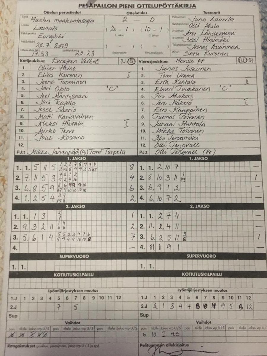 | 28.7.2019 18:00 | Eurajoen Veikot | Manse PP | 2-0 (20-1, 10-1) | näytä | |
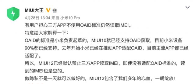 一些用户可能会担心如果应用程序不承认你的OAID标准或坚持获得IMEI怎么办。据小米互联网安全业务负责人王者微博@MIUI在微博中表示:
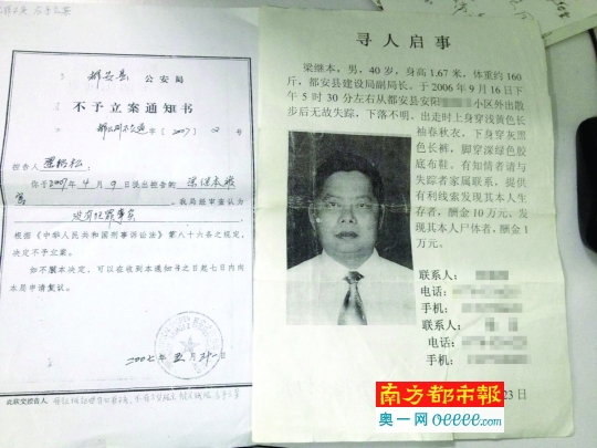 死者家属当年贴出的寻人启事,以及警方给出的不予立案通知书。
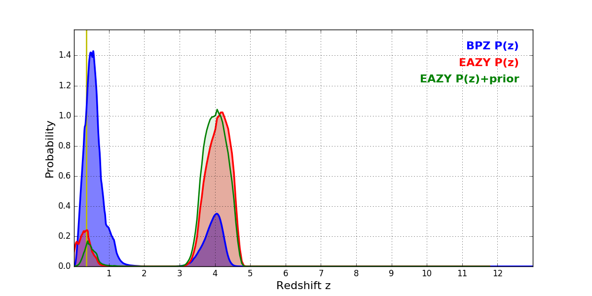 In P(z) plots: Yellow lines mark the cluster redshift z = 0.356,

--- --- ---

About this task -> An exact copy of the data is required, with the pictures excluded.

Problem solution ->
 | 28.7.2019 18:00 | Eurajoen Veikot | Manse PP | 2-0 (20-1, 10-1) | näytä | |
 一些用户可能会担心如果应用程序不承认你的OAID标准或坚持获得IMEI怎么办。据小米互联网安全业务负责人王者微博@MIUI在微博中表示:
 死者家属当年贴出的寻人启事,以及警方给出的不予立案通知书。
 In P(z) plots: Yellow lines mark the cluster redshift z = 0.356,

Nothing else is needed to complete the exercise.